- _Work to complete_:
The response should consist of every line below, restated exactly, with no pictures.

- _Data extract_:
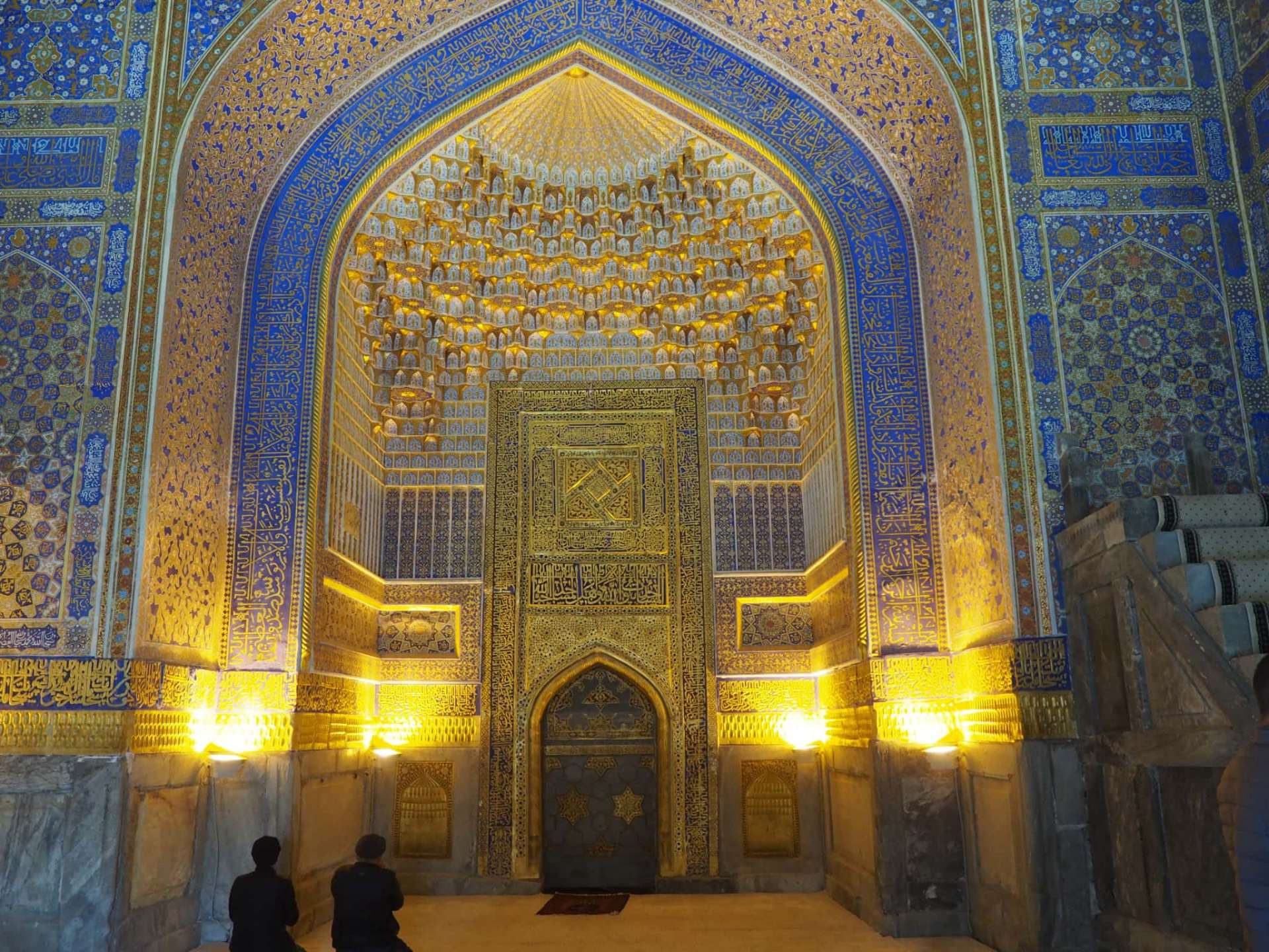 入口から入って左手にある、このドームの下に入ってみましょう。そこにあるのはまばゆいばかりの黄金の間。ここは礼拝所で、ビビハニムモスクが早くから廃墟となってしまったためここがサマルカンドの主なモスクとして使われていました。礼拝スペースには他のモスク同様、メッカの方角を指すミフラーブという窪みや、階段のようなイマーム(礼拝の指導者)用の説教壇ミンバルも見られます。
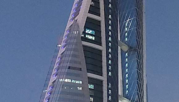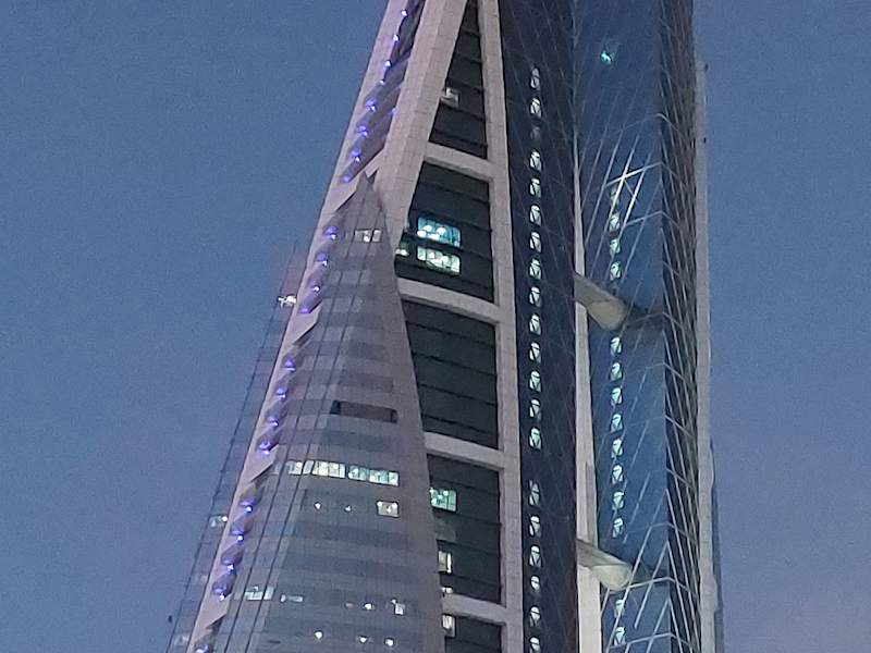 Das bekannteste und auch bemerkenswerteste Gebäude in Manama ist zweifelsohne das Bahrain World Trade Center (BWTC). An den 3 Querstreben zwischen den Türmen sind Windräder befestigt und daher ist das BWTC das erste Hochhaus der Welt mit einer integrierten Windkraftanlage. Insgesamt verteilen sich auf beide Türme jeweils 50 Etagen auf 240 Metern. Für Publikum zugänglich ist nur das Einkaufszentrum "Moda Mall" im Untergeschoss. https:// www. bahrainwtc. com
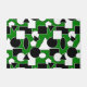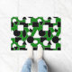 Esta porta tem um design Bauhaus de triângulos, círculos, retângulos e pentágonos em preto e branco num campo de verde.

- _Answer box_:
 入口から入って左手にある、このドームの下に入ってみましょう。そこにあるのはまばゆいばかりの黄金の間。ここは礼拝所で、ビビハニムモスクが早くから廃墟となってしまったためここがサマルカンドの主なモスクとして使われていました。礼拝スペースには他のモスク同様、メッカの方角を指すミフラーブという窪みや、階段のようなイマーム(礼拝の指導者)用の説教壇ミンバルも見られます。
 Das bekannteste und auch bemerkenswerteste Gebäude in Manama ist zweifelsohne das Bahrain World Trade Center (BWTC). An den 3 Querstreben zwischen den Türmen sind Windräder befestigt und daher ist das BWTC das erste Hochhaus der Welt mit einer integrierten Windkraftanlage. Insgesamt verteilen sich auf beide Türme jeweils 50 Etagen auf 240 Metern. Für Publikum zugänglich ist nur das Einkaufszentrum "Moda Mall" im Untergeschoss. https:// www. bahrainwtc. com
 Esta porta tem um design Bauhaus de triângulos, círculos, retângulos e pentágonos em preto e branco num campo de verde.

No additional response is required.